### Exercise:
Would you retype the line that contains "Boys velvet warm" and all lines following it to the end of the entries below, exactly and without pictures?

### Stored data:

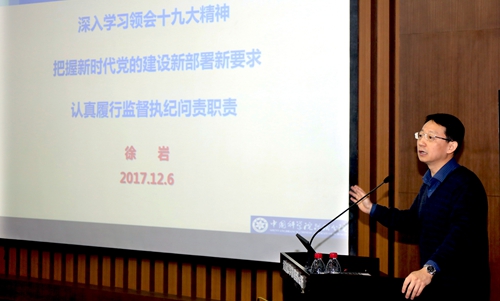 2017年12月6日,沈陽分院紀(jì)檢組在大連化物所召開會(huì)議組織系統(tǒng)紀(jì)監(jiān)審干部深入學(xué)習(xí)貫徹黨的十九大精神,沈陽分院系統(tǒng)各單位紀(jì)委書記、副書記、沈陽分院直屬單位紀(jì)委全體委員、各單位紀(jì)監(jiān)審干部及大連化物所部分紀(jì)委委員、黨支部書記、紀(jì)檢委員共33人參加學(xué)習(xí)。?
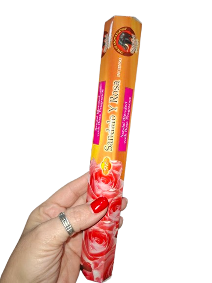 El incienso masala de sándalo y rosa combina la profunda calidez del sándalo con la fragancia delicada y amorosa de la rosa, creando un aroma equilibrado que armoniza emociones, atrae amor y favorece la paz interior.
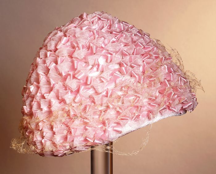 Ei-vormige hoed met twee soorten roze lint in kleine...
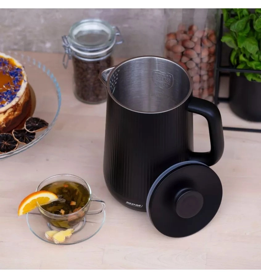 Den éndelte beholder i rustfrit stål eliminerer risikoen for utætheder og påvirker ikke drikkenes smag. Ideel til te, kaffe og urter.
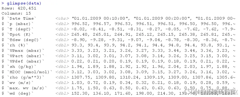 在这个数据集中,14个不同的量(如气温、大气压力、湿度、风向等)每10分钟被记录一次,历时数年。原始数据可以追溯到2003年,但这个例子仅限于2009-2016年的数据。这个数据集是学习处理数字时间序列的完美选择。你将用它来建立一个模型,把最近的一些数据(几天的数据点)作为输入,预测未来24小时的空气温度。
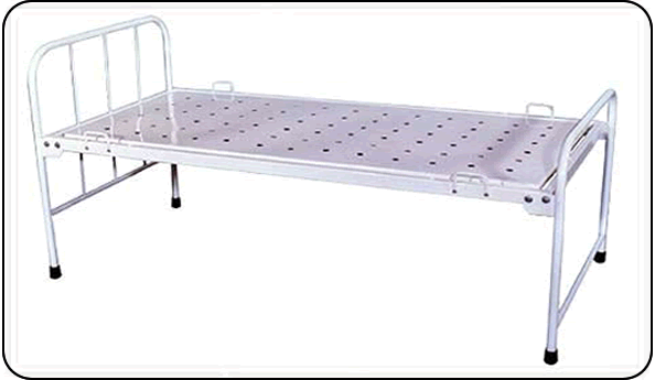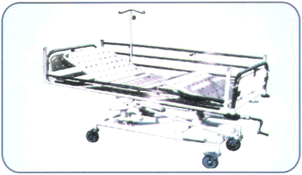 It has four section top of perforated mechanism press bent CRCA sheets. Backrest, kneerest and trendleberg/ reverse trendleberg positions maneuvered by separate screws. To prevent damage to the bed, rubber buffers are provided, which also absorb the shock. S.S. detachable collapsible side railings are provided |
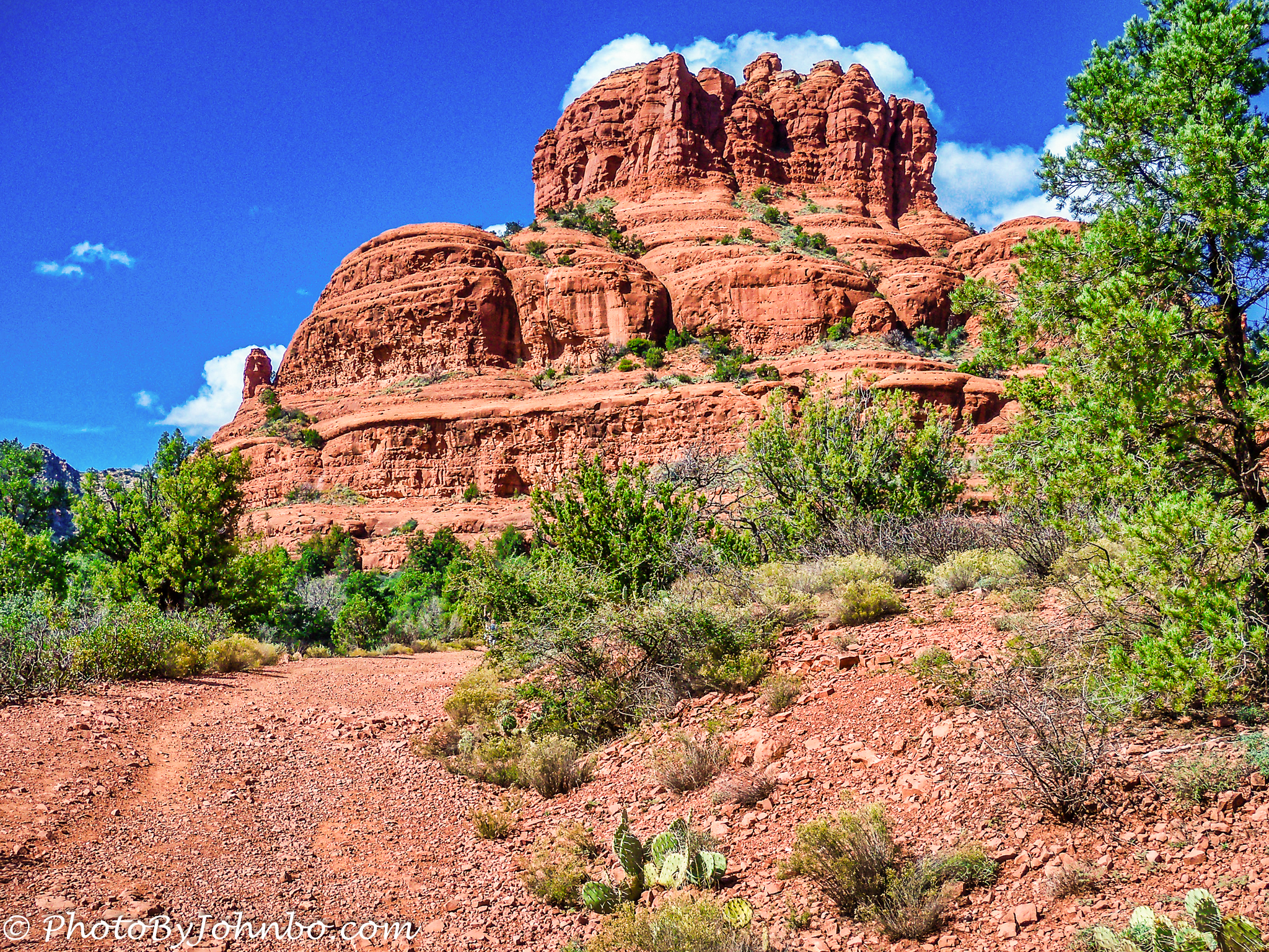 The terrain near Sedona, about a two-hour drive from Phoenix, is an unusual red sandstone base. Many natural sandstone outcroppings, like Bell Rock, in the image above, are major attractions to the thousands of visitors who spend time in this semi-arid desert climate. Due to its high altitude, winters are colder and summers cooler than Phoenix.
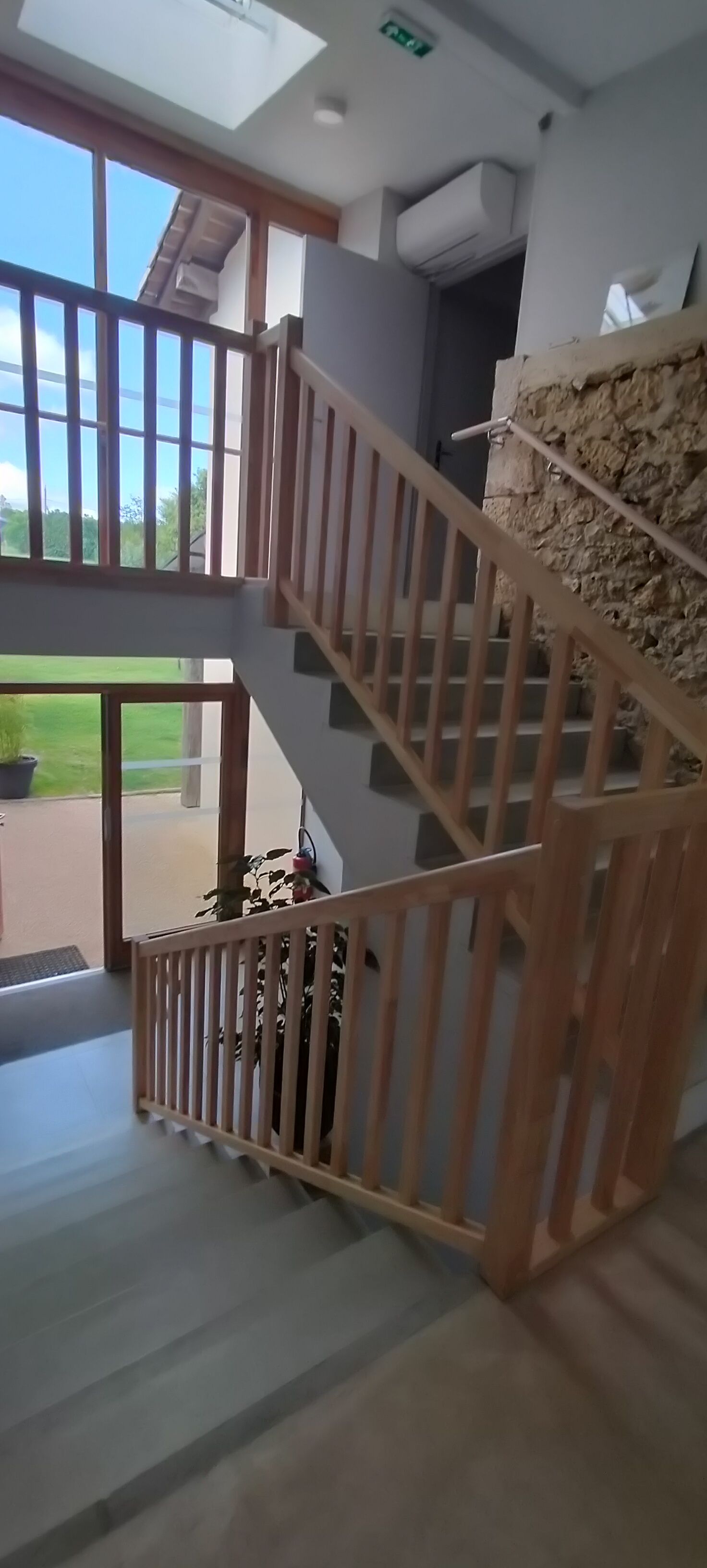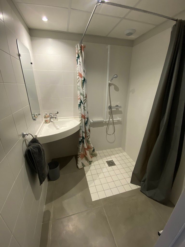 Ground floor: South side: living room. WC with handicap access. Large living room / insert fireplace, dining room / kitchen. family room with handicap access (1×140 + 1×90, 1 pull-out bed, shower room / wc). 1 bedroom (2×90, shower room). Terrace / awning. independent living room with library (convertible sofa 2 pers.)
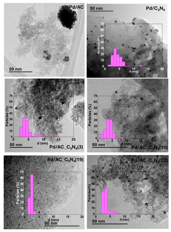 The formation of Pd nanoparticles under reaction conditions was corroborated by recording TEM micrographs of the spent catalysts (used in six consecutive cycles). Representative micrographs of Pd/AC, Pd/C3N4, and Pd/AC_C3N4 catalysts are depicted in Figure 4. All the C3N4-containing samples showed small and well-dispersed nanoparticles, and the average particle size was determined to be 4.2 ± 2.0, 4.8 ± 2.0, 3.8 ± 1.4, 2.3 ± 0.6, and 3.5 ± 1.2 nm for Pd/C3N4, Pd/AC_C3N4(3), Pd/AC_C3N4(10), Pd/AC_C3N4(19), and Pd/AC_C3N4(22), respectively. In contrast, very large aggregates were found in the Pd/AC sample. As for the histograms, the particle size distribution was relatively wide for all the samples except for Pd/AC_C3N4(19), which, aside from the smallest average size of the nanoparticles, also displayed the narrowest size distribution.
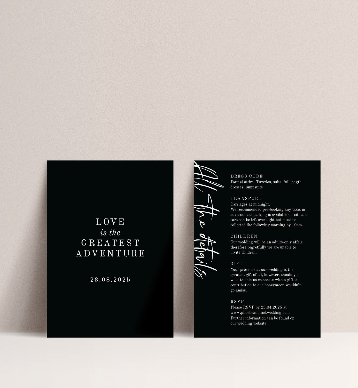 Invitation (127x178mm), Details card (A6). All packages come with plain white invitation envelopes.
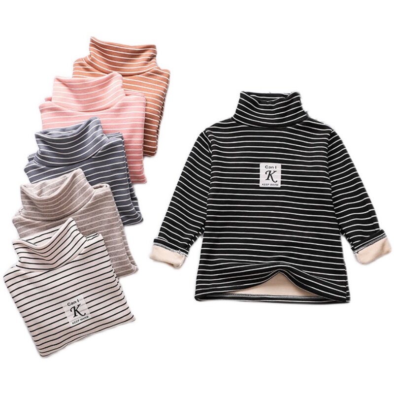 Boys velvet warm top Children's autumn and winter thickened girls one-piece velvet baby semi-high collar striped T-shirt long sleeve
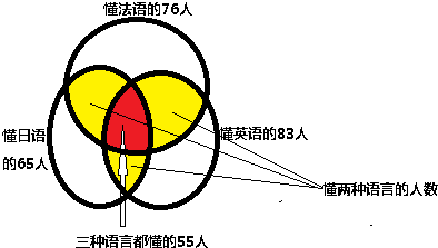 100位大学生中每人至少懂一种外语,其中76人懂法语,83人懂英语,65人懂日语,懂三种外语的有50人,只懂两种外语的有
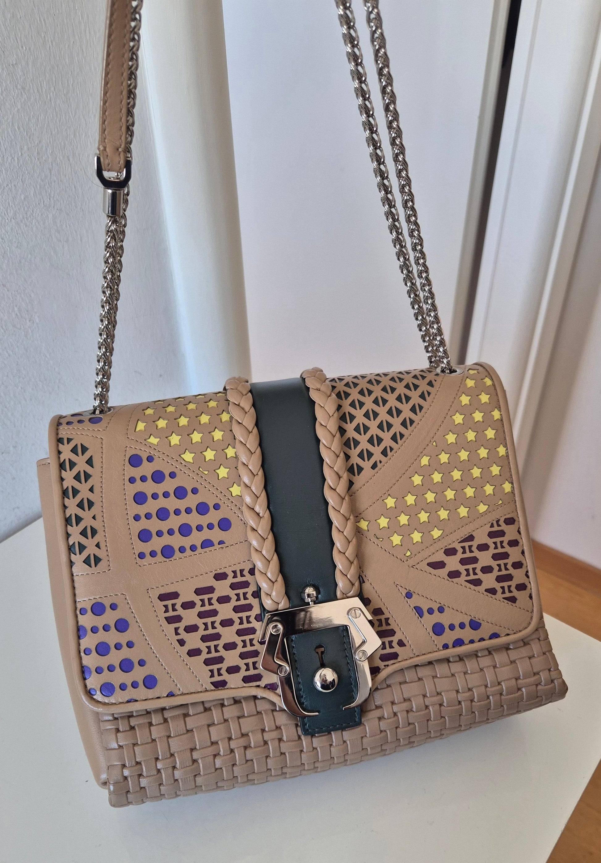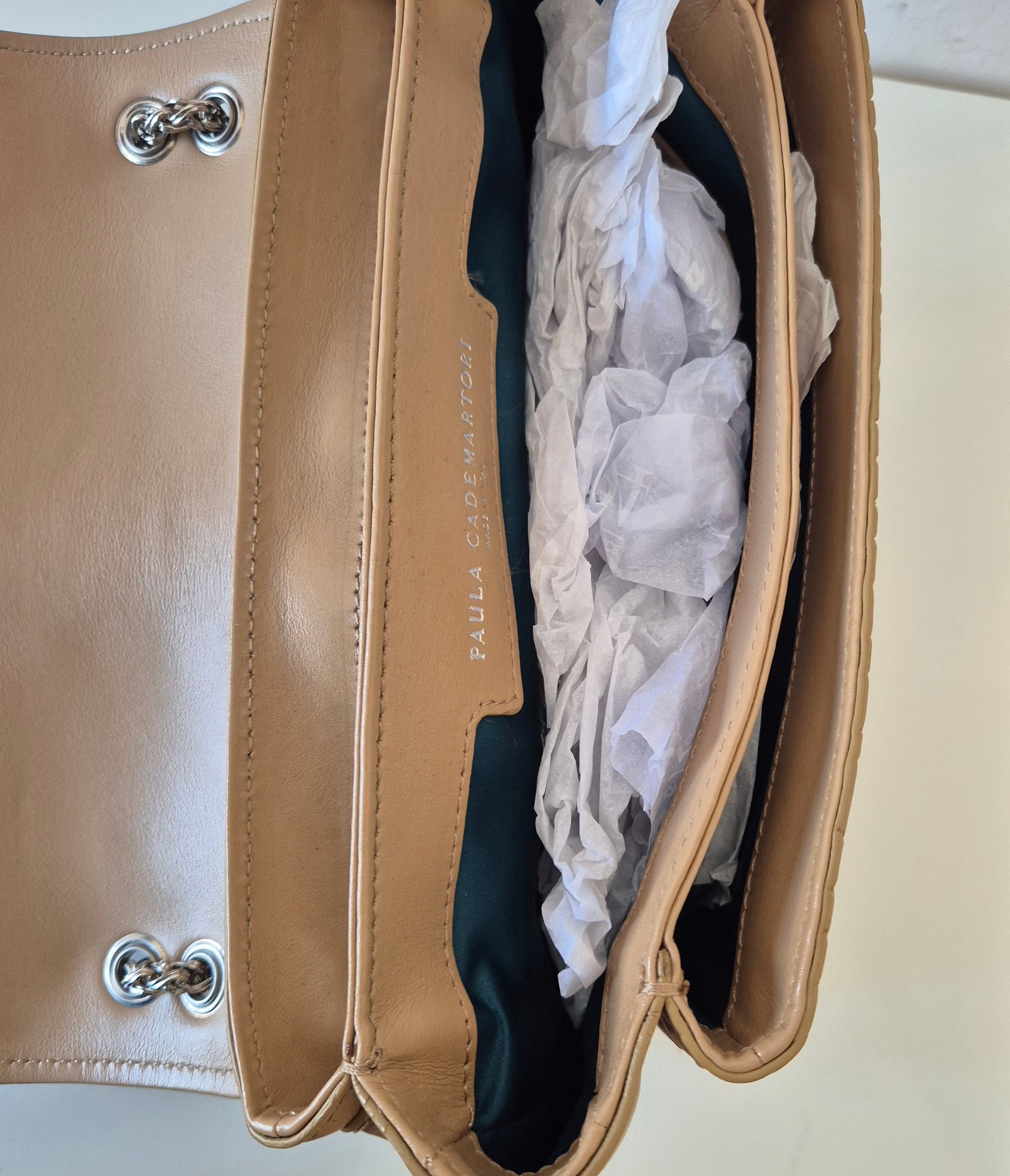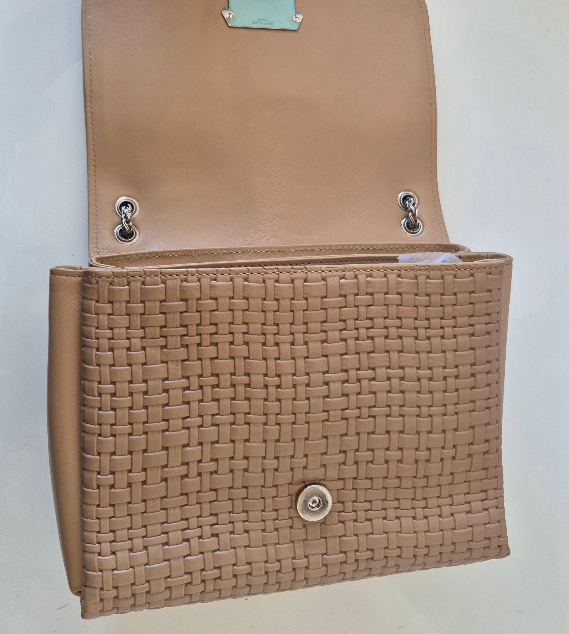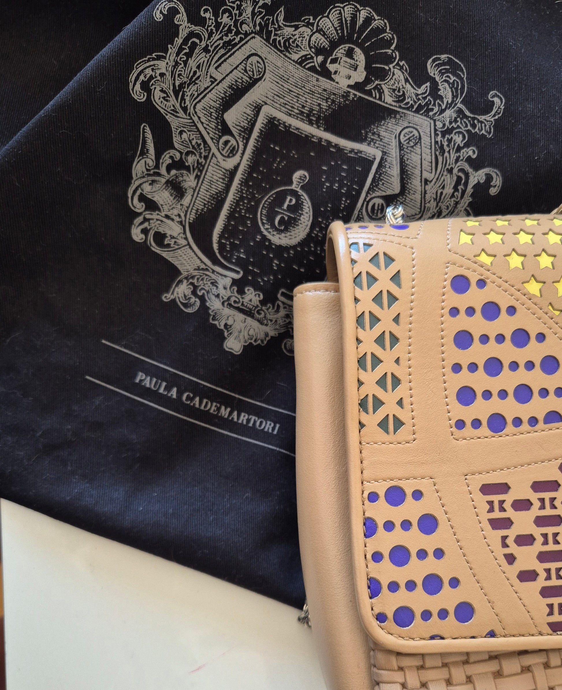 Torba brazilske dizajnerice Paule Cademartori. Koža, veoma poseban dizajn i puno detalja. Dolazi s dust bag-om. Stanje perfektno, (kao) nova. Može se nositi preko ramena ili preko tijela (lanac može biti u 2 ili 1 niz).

### Your response:
 Boys velvet warm top Children's autumn and winter thickened girls one-piece velvet baby semi-high collar striped T-shirt long sleeve
 100位大学生中每人至少懂一种外语,其中76人懂法语,83人懂英语,65人懂日语,懂三种外语的有50人,只懂两种外语的有
 Torba brazilske dizajnerice Paule Cademartori. Koža, veoma poseban dizajn i puno detalja. Dolazi s dust bag-om. Stanje perfektno, (kao) nova. Može se nositi preko ramena ili preko tijela (lanac može biti u 2 ili 1 niz).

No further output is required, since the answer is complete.